Our Free Speech event, My tuppenceworth, on Tuesday 19th November gave lots of people the opportunity to speak.  One of those speeches came from Gavin Palmer, we have reproduced the text below.

It needs the long title Shareholder Nomination to the AGM Committee (SNAC) as the long title explains what it is and does rather than being seen as just a shareholders committee meeting when all meetings must include the Chairman of the Board.

The committee by the nature of who attends it, are likely to have more than 5% of the companies shares so they could call an EGM within 14 days to vote on a resolution that they have just written. That resolution would also include up to 1000 words of explanation and be sent to every shareholder on the shareholders register. 

The board would also likely have to rebutt the resolution which given that the petitioners are some of the very largest shareholders vs their servants the board of Directors would be interesting and most likely shareholders would favour the largest shareholders.

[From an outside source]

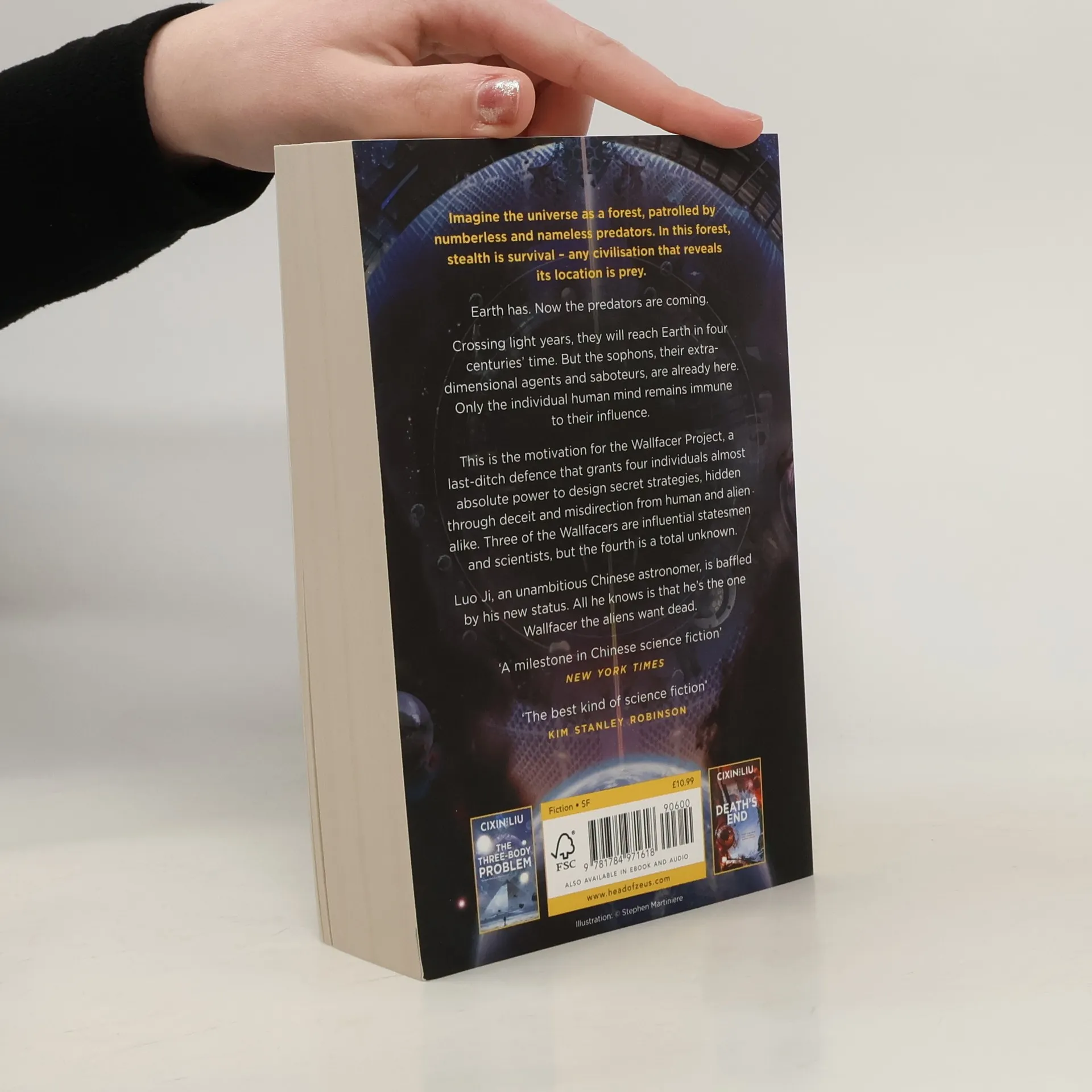 Imagine the universe as a forest, patrolled by numberless and nameless predators. In this forest, stealth is survival – any civilisation that reveals its location is prey. Earth has. Now the predators are coming. Crossing light years, they will reach Earth in four centuries' time. But the sophons, their extra-dimensional agents and saboteurs, are already here. Only the individual human mind remains immune to their influence. This is the motivation for the Wallfacer Project, a last-ditch defence that grants four individuals almost absolute power to design secret strategies, hidden through deceit and misdirection from human and alien alike. Three of the Wallfacers are influential statesmen and scientists, but the fourth is a total unknown. Luo Ji, an unambitious Chinese astronomer, is baffled by his new status. All he knows is that he's the one Wallfacer that Trisolaris wants dead.

The committees cheap, simple formation would solve excessive pay, bonuses for failure, stop board infighting and politiciking over the top job of being a CEO, select truly the very best team leader for the job regardless of the commissions payable to the headhunters (related to high pay, high bonuses, high share awards) and the upping entire boardroom pay regardless of performance.

Also it enables the owners to smoothly replace bad CEOs or Chairman before they do too much damage without being ransomed or blackmailed. Also if the company needs a rights issue, the Chairman just asks those around the table if they would back the rights issue and job done 3 underwriters!

Opposition: The priveledged access given to the gatekeepers :-  the big fund managers Blackrock, Legal & General, Norges Bank, Insight who don’t want to increase their costs or accountability to manage or be involved attending the committees and unable to trade on ‘insider hints/tips’ they gained.

Weak points of this opposition: public press embaressment of pension funds refusing or just not attending a short meeting with the chairman when they have £100million invested in them (It worked in Sweden!) – they then attended the next year!


1) invite chairman and the largest beneficial chairman to a meeting with Sharesoc of many plcs

2) gather 140 activists, give them a single share plus add a large shareholder and submit a full shareholder resolution requisitions to plcs.

Option 1 is cheaper and easier

Option 2 is involved but gets wide coverage and attention.

Hmm thanks to this I think I should add a draft resolution to the wikipedia page and add SNAC.